Exercise goal: Write out the data that follows exactly, keeping every picture out.
Segment Start: Records shown
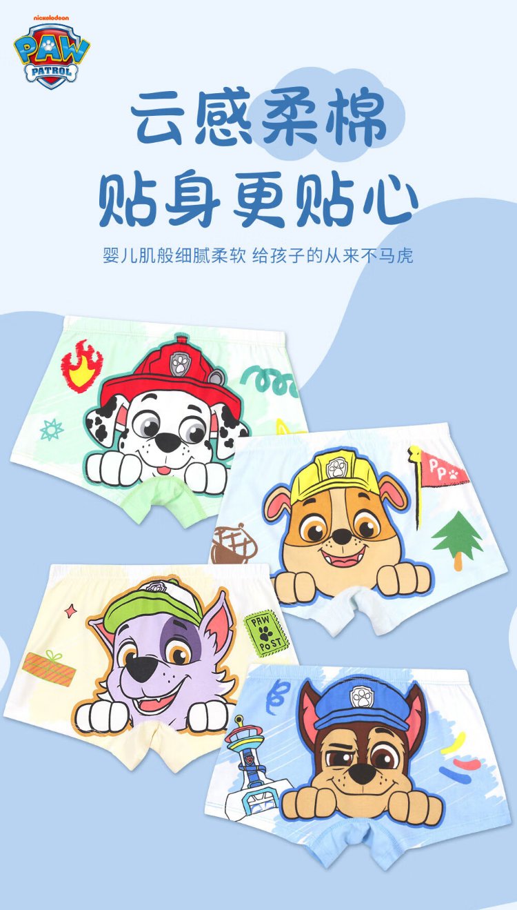 PAW PATROL children's underwear four-corner boys' underwear medium and large children's boxer bottoming shorts 7A antibacterial PA1941 110
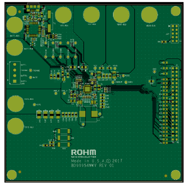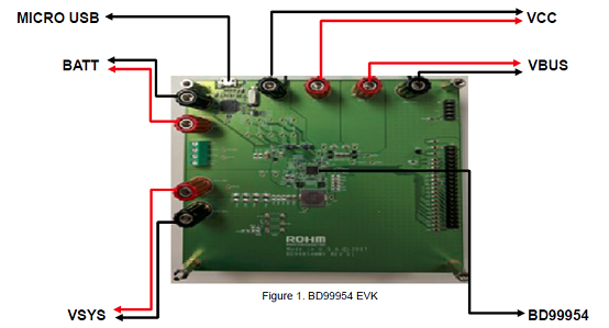 The BD99954MWV EVK acts as a platform for the BD99954 battery management LSI. With the included software GUI, users canaccess the battery charging profile and modify and read back the registers of the BD99954.
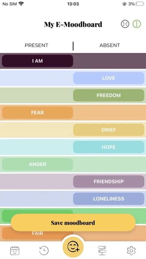 E-Moodboard can help to understand your emotions and feelings by asking yourself the question: What emotions am I feeling today? You can determine the answer in the moodboard by shifting the 40 signs that represent emotions, feelings and thoughts.
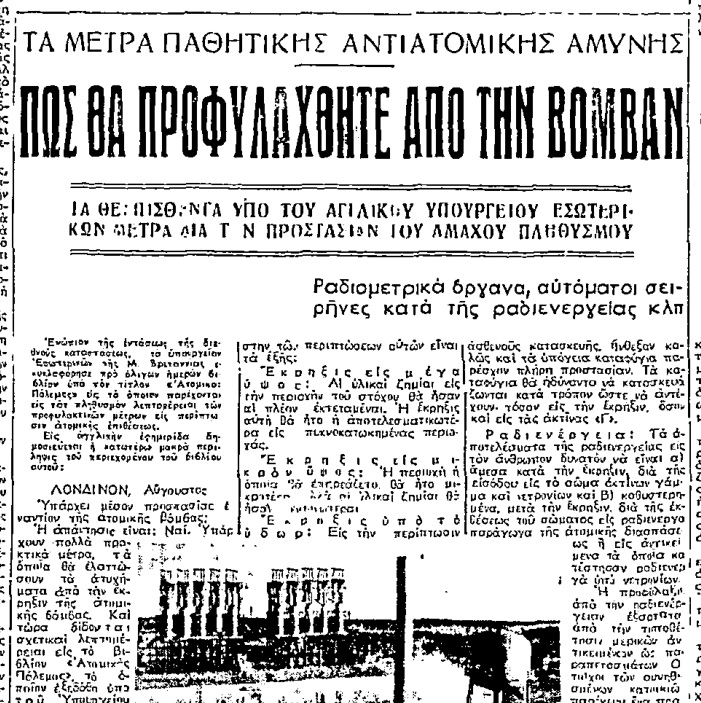 Ο πόλεμος είχε πλέον τελειώσει, αλλά ένα άλλο, αόρατο μέτωπο είχε ανοίξει: εκείνο της ραδιενέργειας. Καθώς ξεδιπλωνόταν ο Ψυχρός Πόλεμος, η πυρηνική απειλή άρχισε να αποκτά θέση στην ελληνική καθημερινότητα. Από τις αρχές της δεκαετίας του ’50, ο Τύπος ξεκίνησε να προειδοποιεί ότι η ραδιενέργεια δεν αφορά μόνο τις υπερδυνάμεις με την «Ακρόπολις να τιτλοφορεί το 1952 “Καταφύγια εις την Ομόνοιαν”.
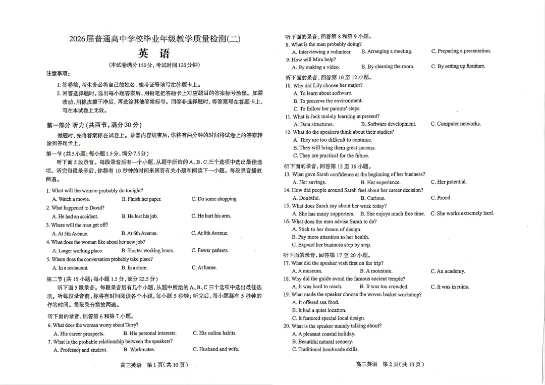 2026 年 4 月 22—24 日,石家庄市高三二模(全市教学质量检测二)顺利开考,数学、物理、英语、化学四科试卷已全部出炉。作为高考前最关键的全真模拟,本次二模严格对标河北新高考命题风格,题型、难度、分值与高考高度一致,是检验二轮复习成效、定位知识短板、优化应试策略的 “黄金标尺”。
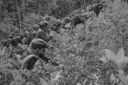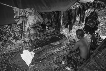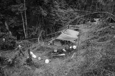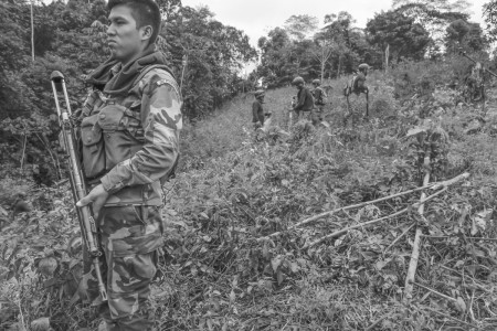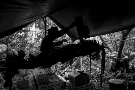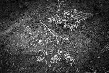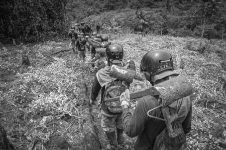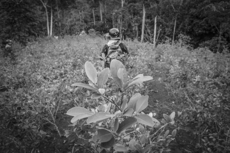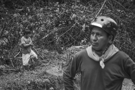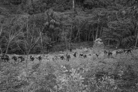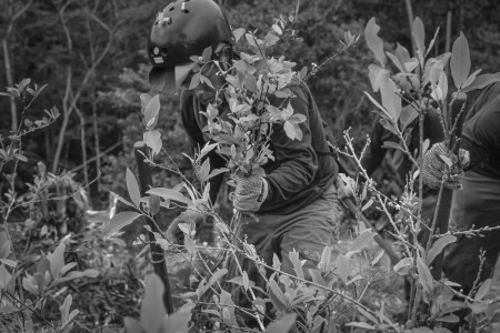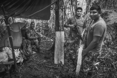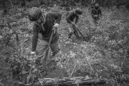 Un grupo de hombres voluntarios del poblado de Aguaytia (Ucayali) tienen una mision imposible: Erradicar la mayor cantidad de cultivo ilegal de hoja de coca que ha sido dominado en esta parte de la selva centro oriental.el ultimo informe de las Naciones Unidas contra la Droga y el Delito ( UNODC) , reporto la existencia de 40 mil 300 hectareas de hoja de coca en el Peru. El gobierno ha comenzado con la eliminacion de esta ilegal actividad. Pero como un bumeran en regreso , vuelven a aparecer mas campos de cultivo de hoja de coca , esto se le domina " Resiembra". Mediante fertilizantes las hoja de coca vuelven a crecer rapidamente y estos son aprovechados por los narcotraficantes para transportarlas a otro pais, donde su valor cuesta mas.Estos hombres voluntarios , en su mayoria pobladores que viven cerca de la zona,  patrullan y erradican la hoja de coca, en muchas ocasiones arriesgan sus vidas.Usan cascos , palas , picos y hasta chalecos antibalas  para protegerse de las armas letales que utilizan las mafias que se dedican a la actividad ilegal de hoja de coca.Estos hombres anonimos, trabajan en silencio y se ocultan  en los llanos alejados de la selva del Aguaytia. Son protegidos por soldados de la zona.Tres rutinas diarias, largas caminatas, sigilosos en cada monte , erradican con pala y pico cultivos ilegales y vuelven a descanzar en medio del bosque cocalero.
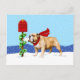 Jul med Bulldog. Fira säsongen med den här Bulldog som tog med sin helgdag till brevlådan med sin röda sticka-halsduk och rullade genom snö.
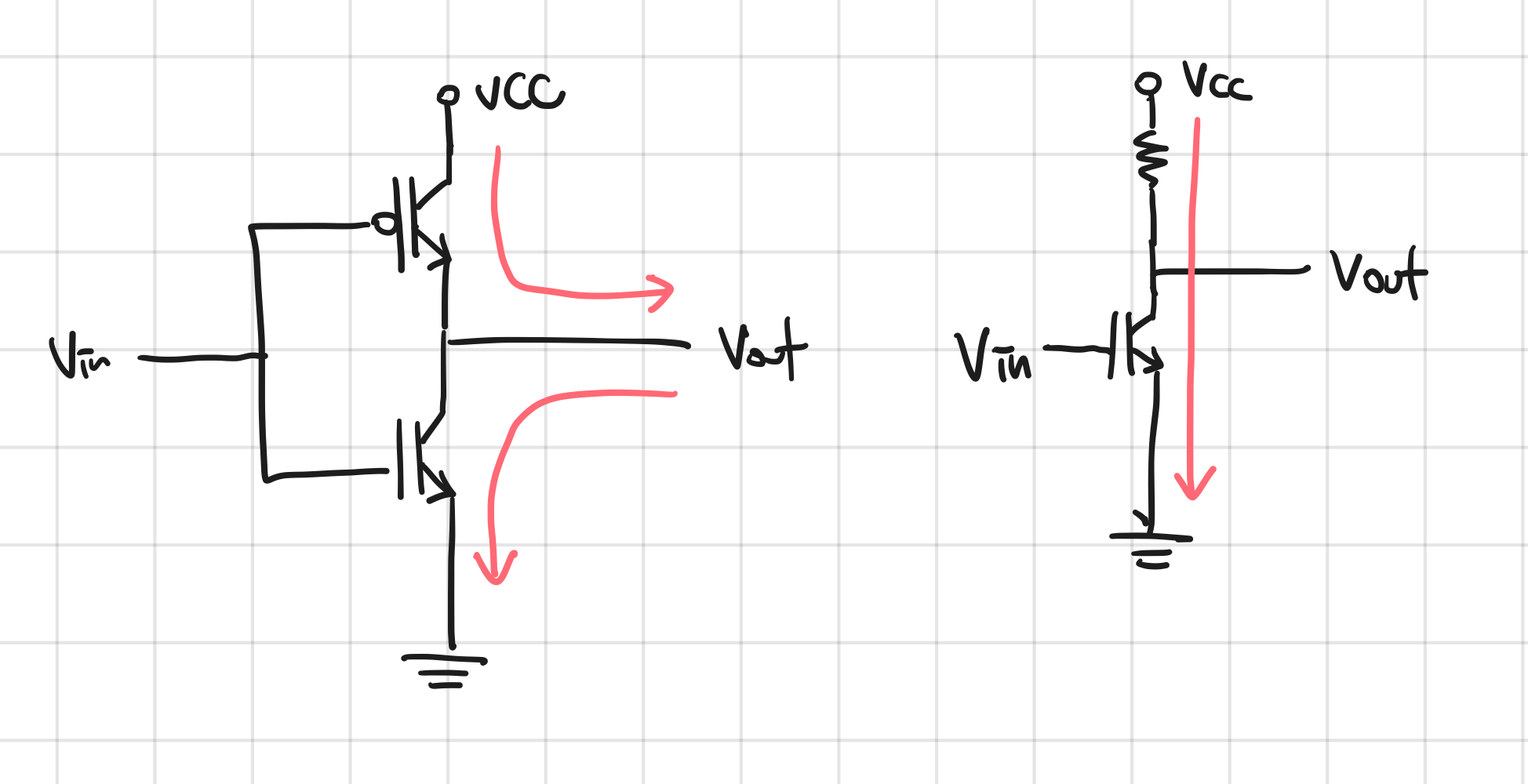 척척 석박사님들께서는 다 생각이 있으셨다. 🎓🎓🎓 만약 오른쪽 회로처럼 구성했다면 Vcc에서 공급되는 전류가 그대로 GND로 빠져나가버린다. 애써 공급한 전류를 그대로 땅에 버려버리는 일. 안그래도 저전력으로 전기를 아껴쓰고 있는데 모든 GPIO 회로에서 이렇게 LOW 신호를 내보낼 때 GND으로 전류를 흘려보낸다면 매우 아까운 일이다. 그래서 왼쪽처럼 MOSFET을 하나 더 사용해서 NOT 게이트를 구성한다. CMOS 상황에서는 Vcc에서 공급한 전류가 Out 핀으로 나가거나 / Out 핀에서 내부 GND 쪽으로 전류가 흘러 들어온다. 적어도 의미없이 아까운 전기를 땅에 꼴아박는 상황이 나오지는 않는다.
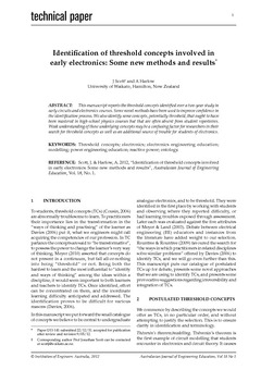 Scott, J. & Harlow, A. (2012). Identification of threshold concepts involved in early electronics: Some new methods and results. Australasian Journal of Engineering Education (AJEE), 18(1), 1-8.
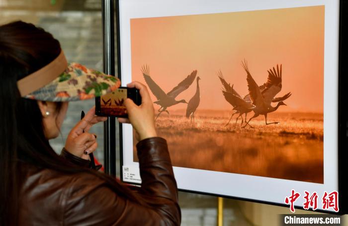 圖為觀眾拍攝黑頸鶴主題攝影展中的作品。李林 攝
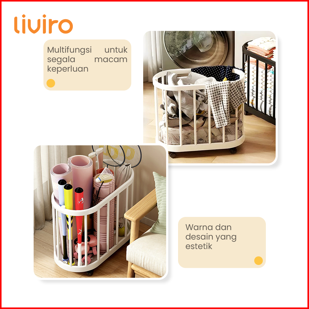 Liviro Keranjang Laundry Minimalis Multifungsi Dengan Roda Putar Kokoh
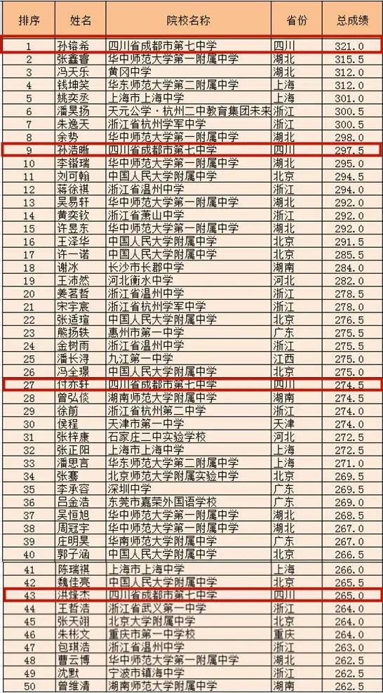 成都七中学生不仅拿下总分第一还包揽四个单项奖
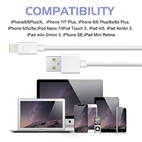 Studio : Sundix Publisher : Sundix Binding : Electronics Product Description Enhanced Performance and Safety Premium quality - Covered Lightning Charging cable, faster charge and data transfer, built-in chip set ensures safety for lightning devices. High-quality copper wire maximizes signal quality, ensures maximum performance Universal Compatibility? iPhone X/8/8 plus/7/ 7 plus, iPhone 5/ 5c/ 5s/SE, iPhone 6/ 6 Plus/6s/6s Plus, iPod Nano 7, iPod Touch 5, iPad4/Pro, iPad Air/ Air 2, iPad mini4/3/2, Mini Retina? NOT compatible with iPhone 4, iPad2, iPad 3, iPod Nano 6, iPod Touch 4 Package Contents 4Pack 6FT lightning cables in white color Extra Convenience 4packs give you more back-up choices in case that you cannot find your cable Standard Length Perfect 6ft length -- You can feel free to charge or sync your phone without worrying about the tangled cable Warranty Support? It comes with 12-month warranty and we provide long-term technical support, please feel free to contact us if you need any assistance Warm Tips a. Please do not wiggle the cable out of your device after finishing a charging?? b. Please ensure the power output do not exceed 2 A/ 5V or 6V/ 3A when charged with our lightning to USB cable?? c. Please avoid covering the charging cable or phone with any non-thermal covering, such as quilt, blanket?? d. please keep the connector dry and clean 0
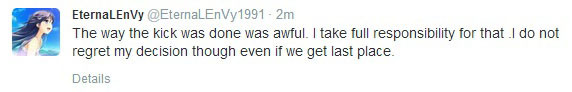 After PLD and Aui_2000 voiced publically they had been kicked from the team, EternalEnvy posted on Twitter confirming the fact and also added his own thoughts. "The way the kick was done was awful. I take full responsibility for that. I do not regret my decision even if we get last place." The Cloud9 captain then added "Still, as I mentioned earlier, I will not be giving my reasons to why the kick was done."
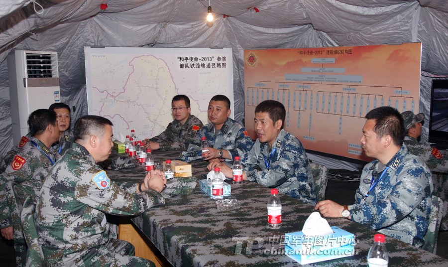在臨時(shí)指揮部中研究鐵路運(yùn)輸路徑圖。 曹占禮 攝
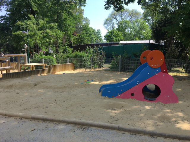 Kleine Rutsche im Sandspielbereich
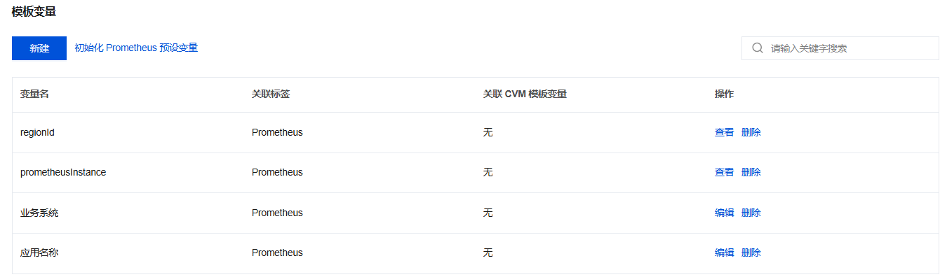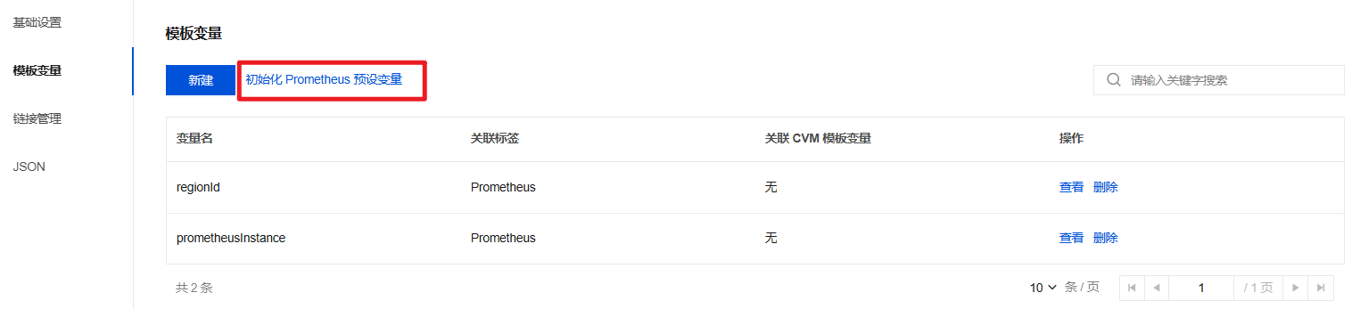 3. 单击初始化 Prometheus 预设变量,系统将自动生成地域和 Prometheus 实例两个模板变量。
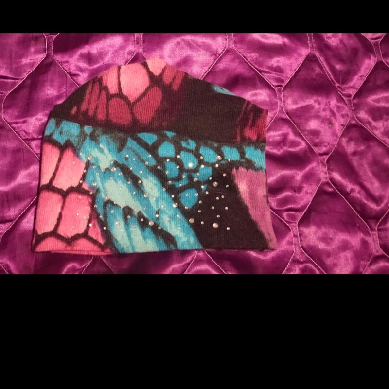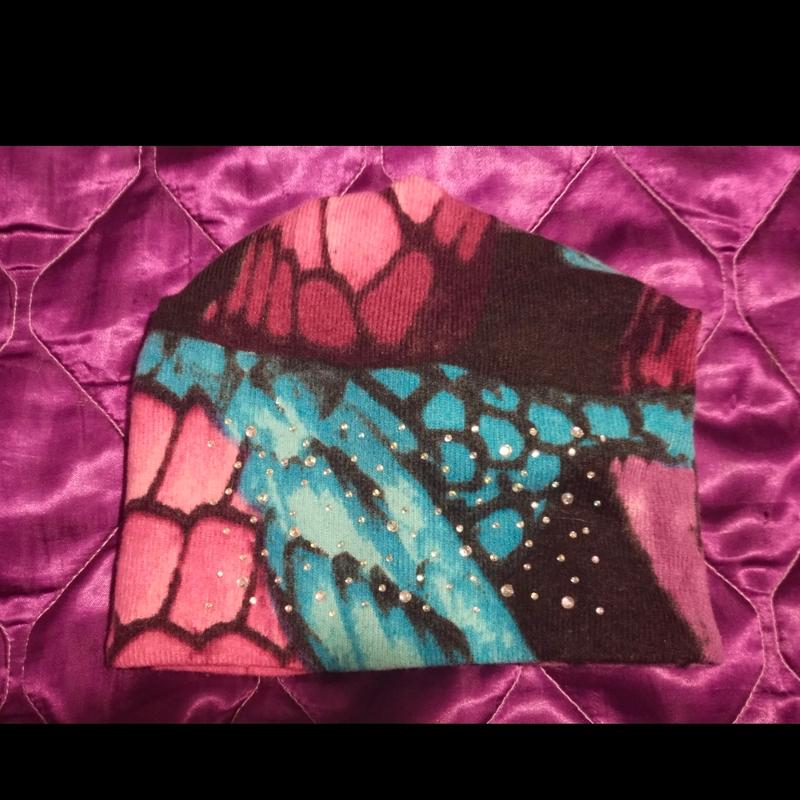 Б/уШапка цвет голубая розовая страззикамиШерсти 40Полиэстер 60С флисомДлина 23 смШирина 46 -54 смКнопка взади отстегивается
Segment End: Records shown
Written response:
 PAW PATROL children's underwear four-corner boys' underwear medium and large children's boxer bottoming shorts 7A antibacterial PA1941 110
 The BD99954MWV EVK acts as a platform for the BD99954 battery management LSI. With the included software GUI, users canaccess the battery charging profile and modify and read back the registers of the BD99954.
 E-Moodboard can help to understand your emotions and feelings by asking yourself the question: What emotions am I feeling today? You can determine the answer in the moodboard by shifting the 40 signs that represent emotions, feelings and thoughts.
 Ο πόλεμος είχε πλέον τελειώσει, αλλά ένα άλλο, αόρατο μέτωπο είχε ανοίξει: εκείνο της ραδιενέργειας. Καθώς ξεδιπλωνόταν ο Ψυχρός Πόλεμος, η πυρηνική απειλή άρχισε να αποκτά θέση στην ελληνική καθημερινότητα. Από τις αρχές της δεκαετίας του ’50, ο Τύπος ξεκίνησε να προειδοποιεί ότι η ραδιενέργεια δεν αφορά μόνο τις υπερδυνάμεις με την «Ακρόπολις να τιτλοφορεί το 1952 “Καταφύγια εις την Ομόνοιαν”.
 2026 年 4 月 22—24 日,石家庄市高三二模(全市教学质量检测二)顺利开考,数学、物理、英语、化学四科试卷已全部出炉。作为高考前最关键的全真模拟,本次二模严格对标河北新高考命题风格,题型、难度、分值与高考高度一致,是检验二轮复习成效、定位知识短板、优化应试策略的 “黄金标尺”。
 Un grupo de hombres voluntarios del poblado de Aguaytia (Ucayali) tienen una mision imposible: Erradicar la mayor cantidad de cultivo ilegal de hoja de coca que ha sido dominado en esta parte de la selva centro oriental.el ultimo informe de las Naciones Unidas contra la Droga y el Delito ( UNODC) , reporto la existencia de 40 mil 300 hectareas de hoja de coca en el Peru. El gobierno ha comenzado con la eliminacion de esta ilegal actividad. Pero como un bumeran en regreso , vuelven a aparecer mas campos de cultivo de hoja de coca , esto se le domina " Resiembra". Mediante fertilizantes las hoja de coca vuelven a crecer rapidamente y estos son aprovechados por los narcotraficantes para transportarlas a otro pais, donde su valor cuesta mas.Estos hombres voluntarios , en su mayoria pobladores que viven cerca de la zona,  patrullan y erradican la hoja de coca, en muchas ocasiones arriesgan sus vidas.Usan cascos , palas , picos y hasta chalecos antibalas  para protegerse de las armas letales que utilizan las mafias que se dedican a la actividad ilegal de hoja de coca.Estos hombres anonimos, trabajan en silencio y se ocultan  en los llanos alejados de la selva del Aguaytia. Son protegidos por soldados de la zona.Tres rutinas diarias, largas caminatas, sigilosos en cada monte , erradican con pala y pico cultivos ilegales y vuelven a descanzar en medio del bosque cocalero.
 Jul med Bulldog. Fira säsongen med den här Bulldog som tog med sin helgdag till brevlådan med sin röda sticka-halsduk och rullade genom snö.
 척척 석박사님들께서는 다 생각이 있으셨다. 🎓🎓🎓 만약 오른쪽 회로처럼 구성했다면 Vcc에서 공급되는 전류가 그대로 GND로 빠져나가버린다. 애써 공급한 전류를 그대로 땅에 버려버리는 일. 안그래도 저전력으로 전기를 아껴쓰고 있는데 모든 GPIO 회로에서 이렇게 LOW 신호를 내보낼 때 GND으로 전류를 흘려보낸다면 매우 아까운 일이다. 그래서 왼쪽처럼 MOSFET을 하나 더 사용해서 NOT 게이트를 구성한다. CMOS 상황에서는 Vcc에서 공급한 전류가 Out 핀으로 나가거나 / Out 핀에서 내부 GND 쪽으로 전류가 흘러 들어온다. 적어도 의미없이 아까운 전기를 땅에 꼴아박는 상황이 나오지는 않는다.
 Scott, J. & Harlow, A. (2012). Identification of threshold concepts involved in early electronics: Some new methods and results. Australasian Journal of Engineering Education (AJEE), 18(1), 1-8.
 圖為觀眾拍攝黑頸鶴主題攝影展中的作品。李林 攝
 Liviro Keranjang Laundry Minimalis Multifungsi Dengan Roda Putar Kokoh
 成都七中学生不仅拿下总分第一还包揽四个单项奖
 Studio : Sundix Publisher : Sundix Binding : Electronics Product Description Enhanced Performance and Safety Premium quality - Covered Lightning Charging cable, faster charge and data transfer, built-in chip set ensures safety for lightning devices. High-quality copper wire maximizes signal quality, ensures maximum performance Universal Compatibility? iPhone X/8/8 plus/7/ 7 plus, iPhone 5/ 5c/ 5s/SE, iPhone 6/ 6 Plus/6s/6s Plus, iPod Nano 7, iPod Touch 5, iPad4/Pro, iPad Air/ Air 2, iPad mini4/3/2, Mini Retina? NOT compatible with iPhone 4, iPad2, iPad 3, iPod Nano 6, iPod Touch 4 Package Contents 4Pack 6FT lightning cables in white color Extra Convenience 4packs give you more back-up choices in case that you cannot find your cable Standard Length Perfect 6ft length -- You can feel free to charge or sync your phone without worrying about the tangled cable Warranty Support? It comes with 12-month warranty and we provide long-term technical support, please feel free to contact us if you need any assistance Warm Tips a. Please do not wiggle the cable out of your device after finishing a charging?? b. Please ensure the power output do not exceed 2 A/ 5V or 6V/ 3A when charged with our lightning to USB cable?? c. Please avoid covering the charging cable or phone with any non-thermal covering, such as quilt, blanket?? d. please keep the connector dry and clean 0
 After PLD and Aui_2000 voiced publically they had been kicked from the team, EternalEnvy posted on Twitter confirming the fact and also added his own thoughts. "The way the kick was done was awful. I take full responsibility for that. I do not regret my decision even if we get last place." The Cloud9 captain then added "Still, as I mentioned earlier, I will not be giving my reasons to why the kick was done."
在臨時(shí)指揮部中研究鐵路運(yùn)輸路徑圖。 曹占禮 攝
 Kleine Rutsche im Sandspielbereich
 3. 单击初始化 Prometheus 预设变量,系统将自动生成地域和 Prometheus 实例两个模板变量。
 Б/уШапка цвет голубая розовая страззикамиШерсти 40Полиэстер 60С флисомДлина 23 смШирина 46 -54 смКнопка взади отстегивается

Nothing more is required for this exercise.